Tissot PR 50 Titanium on my wrist

Tissot PR 50 Titanium Review: 15 Years Later

We live firmly in the present but are constantly looking back to the past and forward to the future. Time dictates our schedules and patterns. Time is the building block of our day. Time can also be fashionable.

A durable timepiece can bring a lot of satisfaction both in style and timekeeping. Pocket watches have a certain timeless elegance (excuse the pun), but there is nothing like an elegant wristwatch.

That is exactly what I have.

My Tissot PR 50 Titanium wristwatch has stood the test of time (again, excuse the pun), and I still wear and rely on it 15 years later.

So, before I tell you exactly what I love about this particular watch, let’s go back in time for a little history lesson.

Tissot History

The year was 1853; the place was Le Locle, a small city in Switzerland. The time was different back then. I mean, it still flowed at the same rate as today but times were simpler.

Charles-Felicien Tissot had a dream, and going by his last name, I bet that you can guess what that dream became. Together with his son, he founded a ‘comptoird’etablissage’. Wow, that is a mouthful. Translated, it means a network of artisans.

When he started watchmaking, each of the various parts was crafted by one of these members, being brought together later to be assembled and sold.

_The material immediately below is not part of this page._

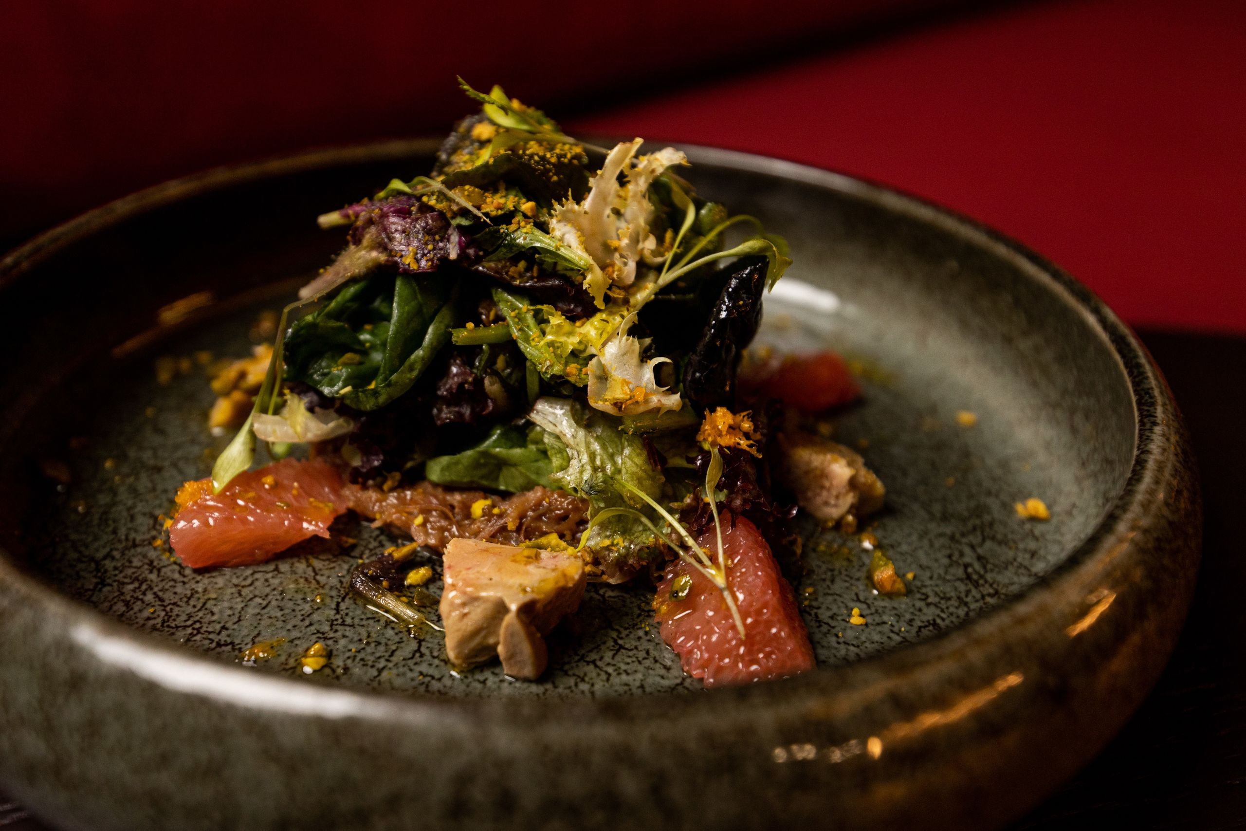 Ensalada de canard l’orange con foie y pistaccios de Le Kañí

The Tissot brand began by creating pocket, complication, and pendant watches that were sold in the region and eventually also shipped to the United States. By the 1920s, they were also shipping watches to the Russian elite, where several Russian Czars enjoyed wearing the brand.

From there, the company continued to flourish and is still around today, creating timeless timepieces.

My Tissot History

2004 was a different time for me. I was young and eager (I like to think that I am still young and eager, but I was definitely younger, at least). It was 15 years ago that I decided to invest in a watch.

I had always been interested in buy it for life products and decided to take the plunge and put my money where my mouth was. I looked into watches. I wanted something stylish, without being gaudy or too trendy, and functional, with functionality built to last.

I landed on the Tissot PR 50 Titanium.

Holding my Tissot PR 50 Titanium

It fit the bill in almost every way. I loved the way it looked, it was not monstrously huge on my wrist while still maintaining a presence, and it had tons of quality. The only problem was the price tag.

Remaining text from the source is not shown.